Resources are contributed to ExperimentHub in the form of a package. The
package contains the resource metadata, man pages, vignette and any
supporting R functions the author wants to provide. This is a similar
design to the existing Bioconductor experimental data packages except the
data are uploaded to AWS S3 buckets instead of stored in a data/ directory
as part of the pacakge.

New packages should be submitted to the Bioconductor tracker and will have
a full review. Contact packages at bioconductor.org for more information.

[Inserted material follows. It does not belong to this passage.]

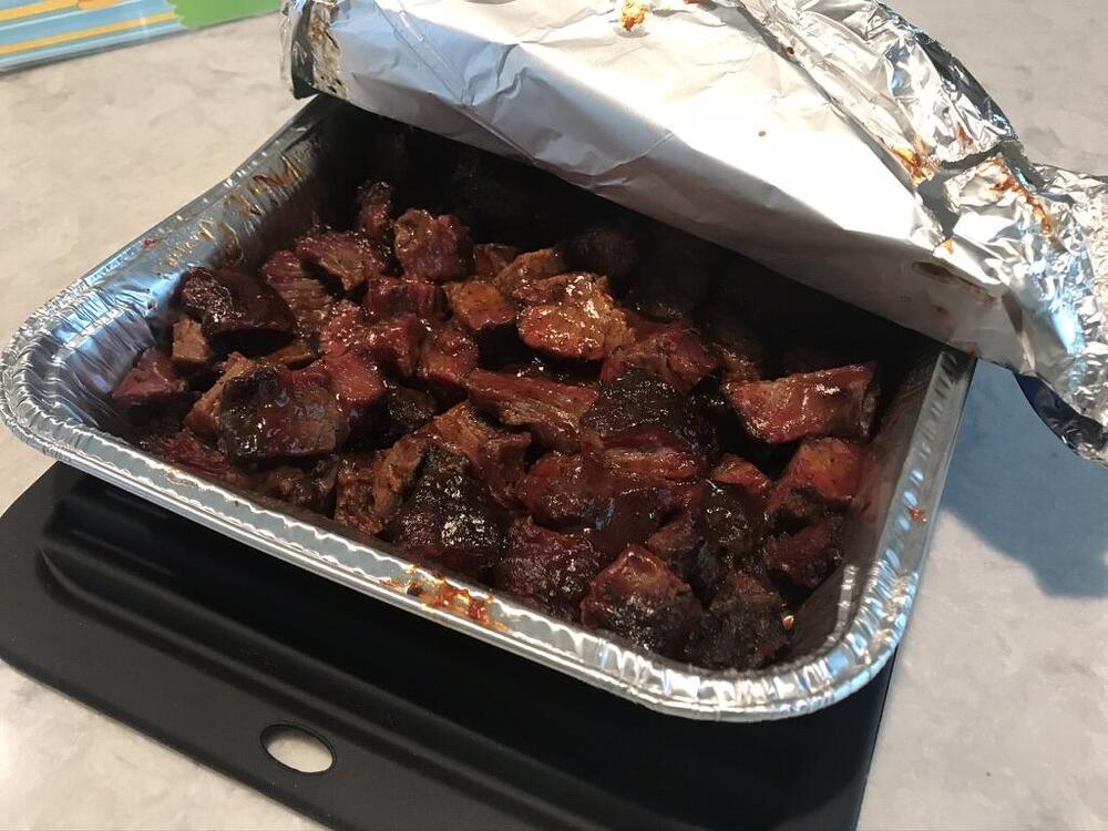 Trying the next brisket experiment on the Traeger. It's a 4lb (trimmed) point so we'll see how this turns out compared to the flat that I did previously. It was a bit of a bizarre cut, I think that they actually cut the whole point off of the flat so the right hand side (as shown above) is pretty floppy and unsupported. I'll likely end up turning half of this or so into burnt ends to go along with some traditional brisket slices tonight for dinner.

So If I'd like to provide newer datasets from the newest TCGA release of
data snapshot then I should upload new packages via bioconductor tracker
but in a little different package design than in Experimental Data package.

You said that

*ExperimentHub will be back in active development, including addition of
new resources, immediately after our next release, May 4, so the timing is
fairly good.*

Does it mean I should upload these data packages before May 4th or after?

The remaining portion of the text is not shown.